(Source material)

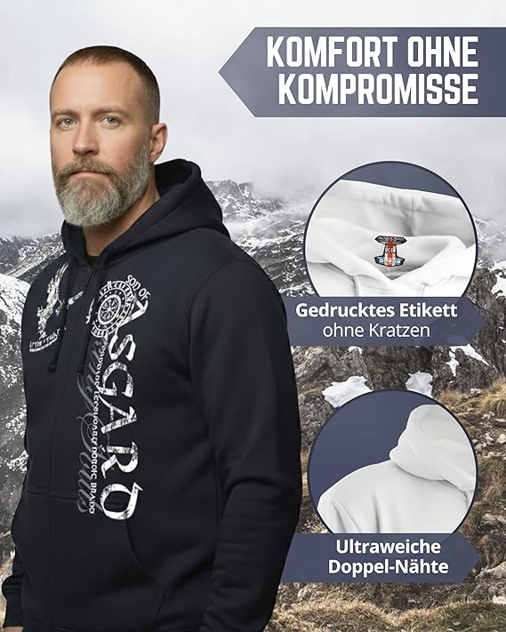 Zeige deinen nordischen Geist mit dem Nordgard Hoodie Vintersgard – ein Statement-Piece für Wikinger- und Streetwear-Liebhaber, das robusten Komfort, zeitlosen Stil und nordische Authentizität vereint. Trage ihn im Alltag, auf dem Festival oder beim Treffen mit Freunden – dich begleitet ein Hoodie mit Charakter.
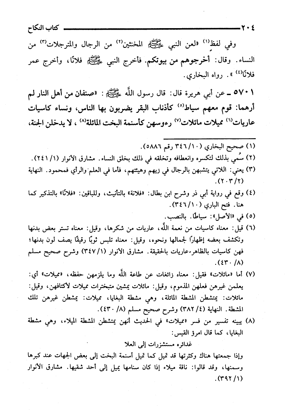 (¬6) قيل: معناه كاسيات من نعمة الله، عاريات من شكرها، وقيل: معناه تستر بعض بدنها وتكشف بعضه إظهارًا لجمالها ونحوه، وقيل: معناه تلبس ثوباً رقيقًا يصف لون بدنها؛ فهن كاسيات بالظاهر. عاريات بالحقيقة. مشارق الأنوار (1/ 347) وشرح صحيح مسلم (8/ 430).
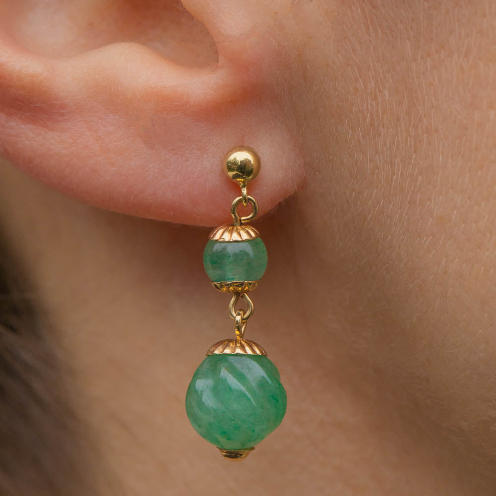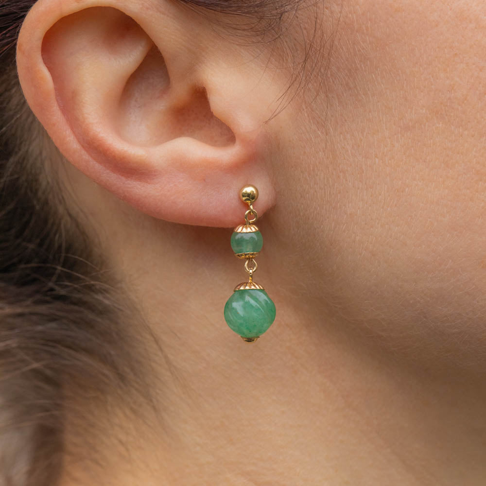9ct Gold Carved Jade Double Drop Earrings
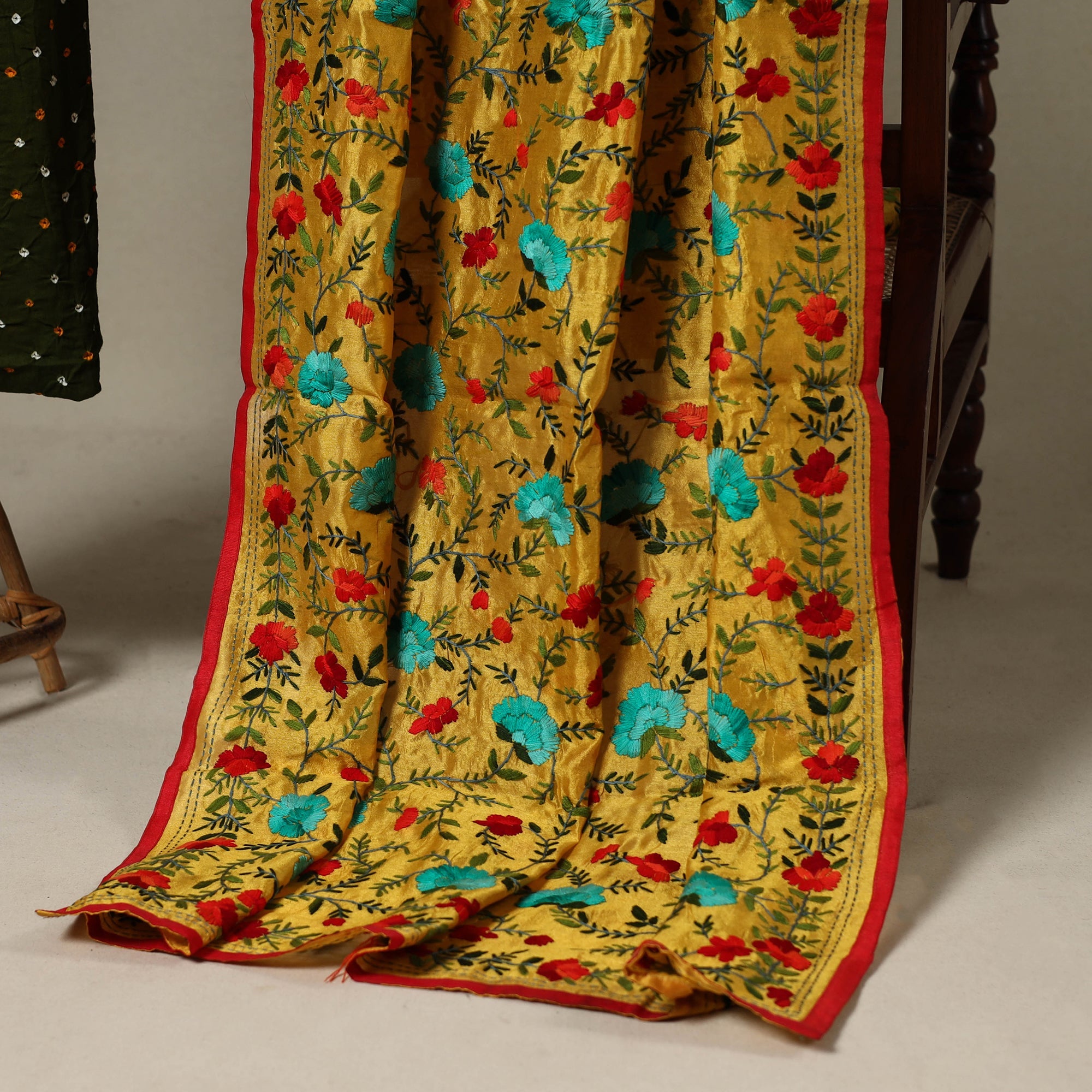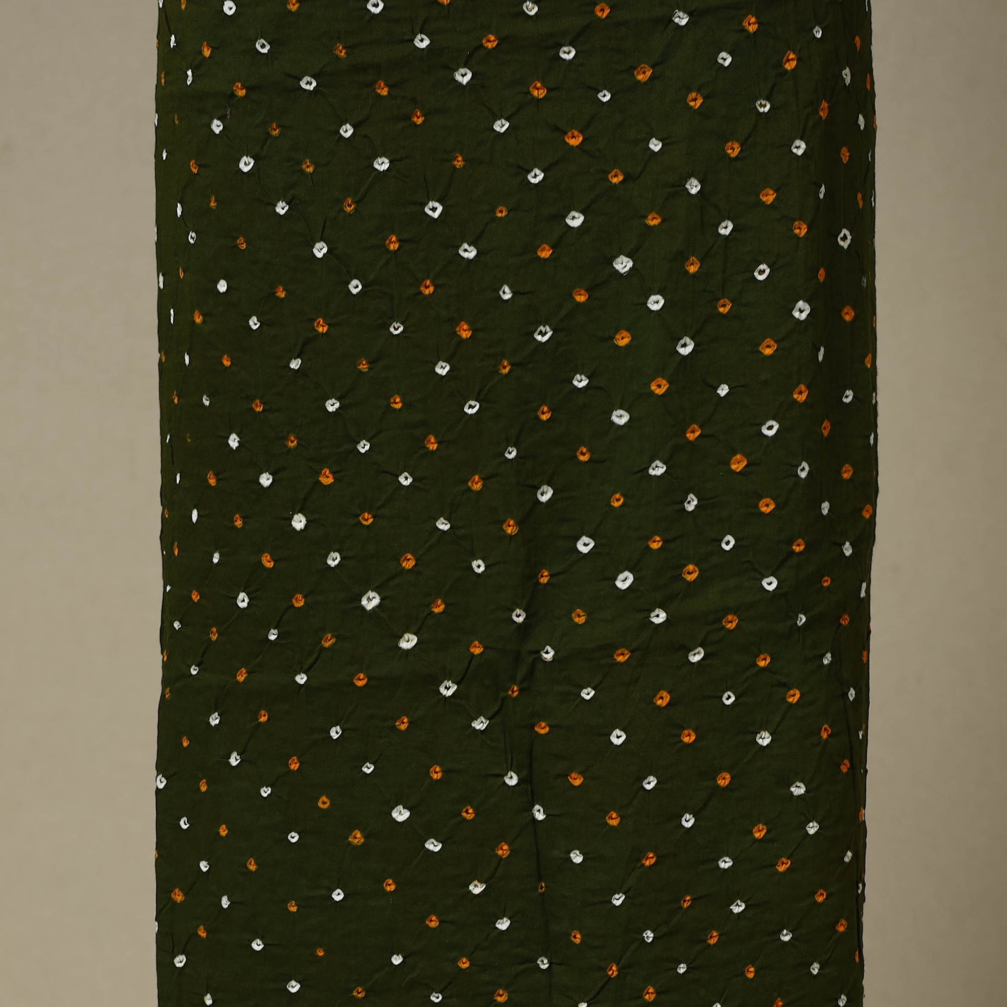 This green 2pc unstitched dress material set includes tie-dye cotton bandhani kurta fabric and a chanderi silk dupatta adorned with fine hand embroidery. Paired with a matching necklace and earrings, it offers a complete and graceful ethnic look. The blend of traditional kutch bandhani and intricate ranihati embroidery adds unique charm, perfect for festive occasions or meaningful gifting.
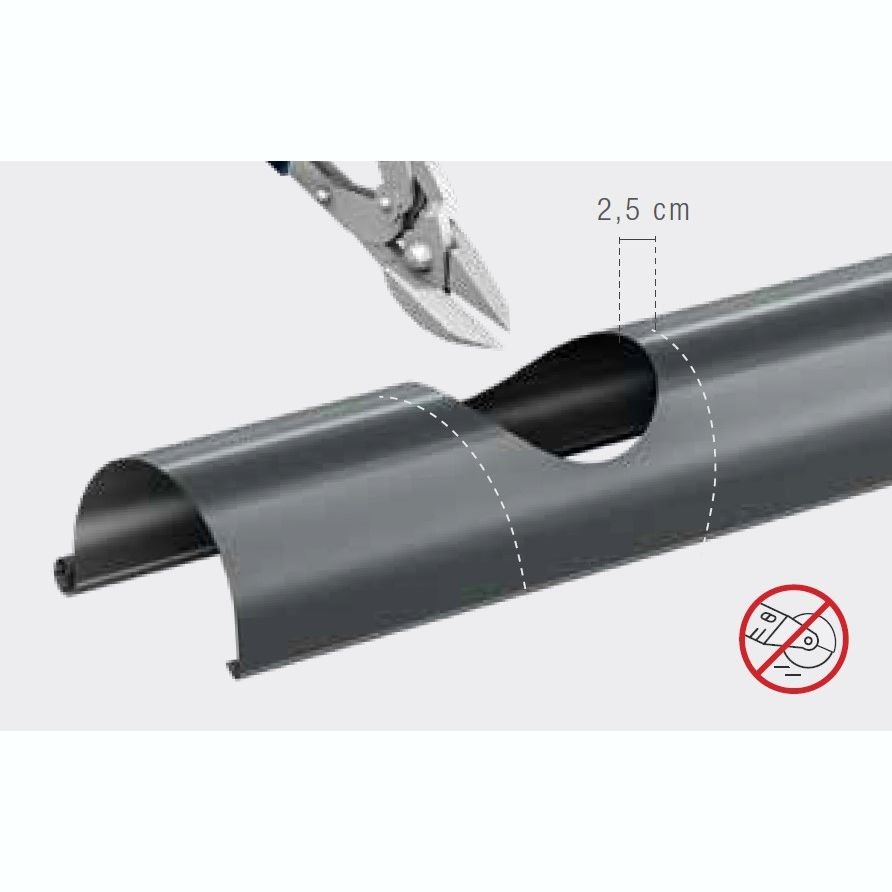 Використовувати відповідний безпечний для покриття ринви інструмент, наприклад м’який молоток. Краї розрізу вигнути назовні ринви.
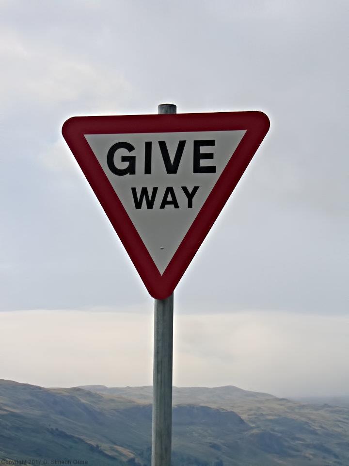 The give way sign at cross roads on Rosgill Moor.

(End Source material)

**Aim of the task:** Images must not appear; print each record precisely as it reads.

**Exercise response:**
 Zeige deinen nordischen Geist mit dem Nordgard Hoodie Vintersgard – ein Statement-Piece für Wikinger- und Streetwear-Liebhaber, das robusten Komfort, zeitlosen Stil und nordische Authentizität vereint. Trage ihn im Alltag, auf dem Festival oder beim Treffen mit Freunden – dich begleitet ein Hoodie mit Charakter.
 (¬6) قيل: معناه كاسيات من نعمة الله، عاريات من شكرها، وقيل: معناه تستر بعض بدنها وتكشف بعضه إظهارًا لجمالها ونحوه، وقيل: معناه تلبس ثوباً رقيقًا يصف لون بدنها؛ فهن كاسيات بالظاهر. عاريات بالحقيقة. مشارق الأنوار (1/ 347) وشرح صحيح مسلم (8/ 430).
9ct Gold Carved Jade Double Drop Earrings
 This green 2pc unstitched dress material set includes tie-dye cotton bandhani kurta fabric and a chanderi silk dupatta adorned with fine hand embroidery. Paired with a matching necklace and earrings, it offers a complete and graceful ethnic look. The blend of traditional kutch bandhani and intricate ranihati embroidery adds unique charm, perfect for festive occasions or meaningful gifting.
 Використовувати відповідний безпечний для покриття ринви інструмент, наприклад м’який молоток. Краї розрізу вигнути назовні ринви.
 The give way sign at cross roads on Rosgill Moor.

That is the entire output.